Data shown:
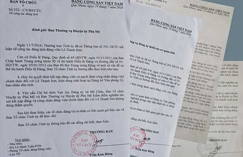 “Ban Tổ chức Tỉnh ủy Bình Định đã có văn bản yêu cầu Ban Thường vụ Đảng ủy khối các cơ quan tỉnh xóa tên khỏi danh sách đảng viên đối với ông Lê Thanh Sơn, Phó phòng Văn xã Văn phòng UBND tỉnh này. Đồng thời, yêu cầu Ban Thường vụ Huyện ủy Phù Mỹ hủy bỏ quyết định kết nạp đảng viên, quyết định công nhận đảng viên chính thức đối với ông Sơn” - ngày 3-8, ông Trần Kim Hùng, Trưởng ban Tổ chức Tỉnh ủy Bình Định, thông tin.
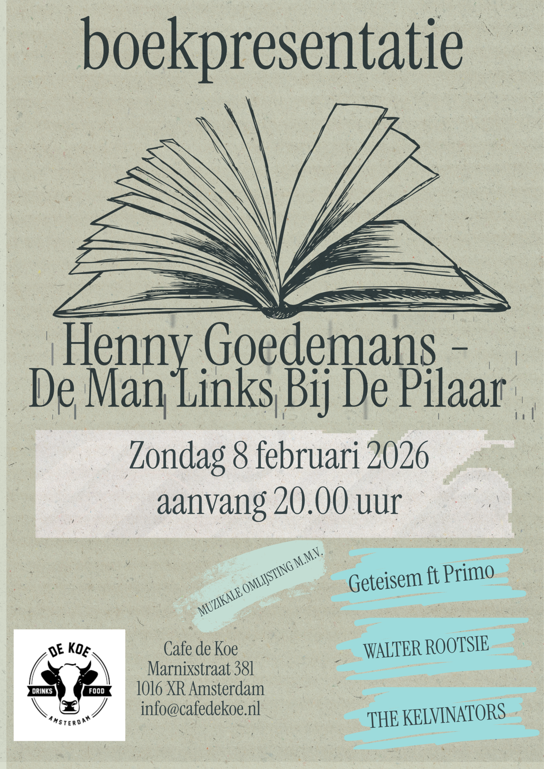 On Sunday evening 8 February 20263 Henny Goedemans is presenting his new novel “De man links bij de pilaar”. Walter is joining with two other bands for musical support during this presentation at Cafe de Koe , Amsterdam.
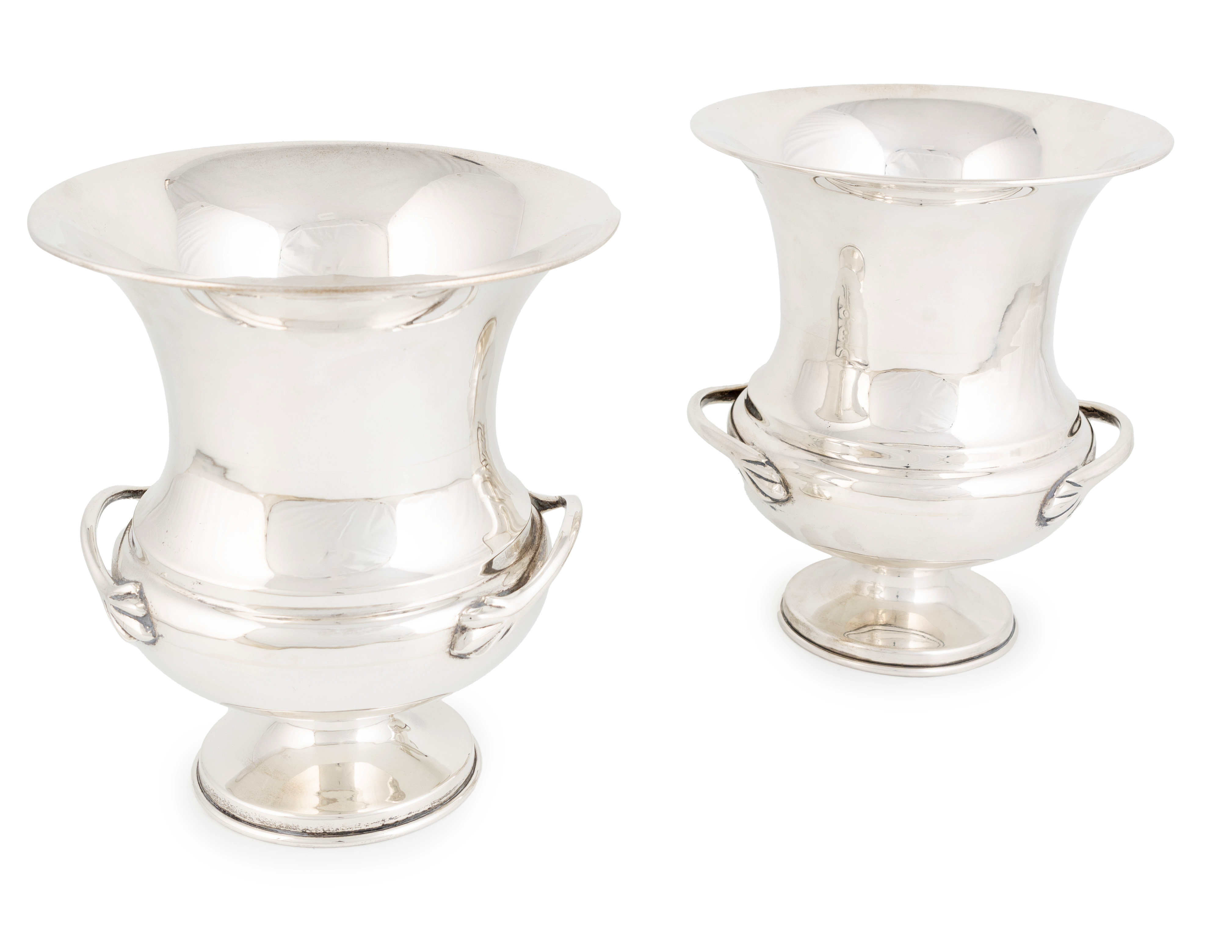 A pair of 20th century Mexican silver wine coolers, maker's mark AMA, of plain campana form with two

Task brief:
Repeat the listing word for word, but without its pictures.

Your response:
 “Ban Tổ chức Tỉnh ủy Bình Định đã có văn bản yêu cầu Ban Thường vụ Đảng ủy khối các cơ quan tỉnh xóa tên khỏi danh sách đảng viên đối với ông Lê Thanh Sơn, Phó phòng Văn xã Văn phòng UBND tỉnh này. Đồng thời, yêu cầu Ban Thường vụ Huyện ủy Phù Mỹ hủy bỏ quyết định kết nạp đảng viên, quyết định công nhận đảng viên chính thức đối với ông Sơn” - ngày 3-8, ông Trần Kim Hùng, Trưởng ban Tổ chức Tỉnh ủy Bình Định, thông tin.
 On Sunday evening 8 February 20263 Henny Goedemans is presenting his new novel “De man links bij de pilaar”. Walter is joining with two other bands for musical support during this presentation at Cafe de Koe , Amsterdam.
 A pair of 20th century Mexican silver wine coolers, maker's mark AMA, of plain campana form with two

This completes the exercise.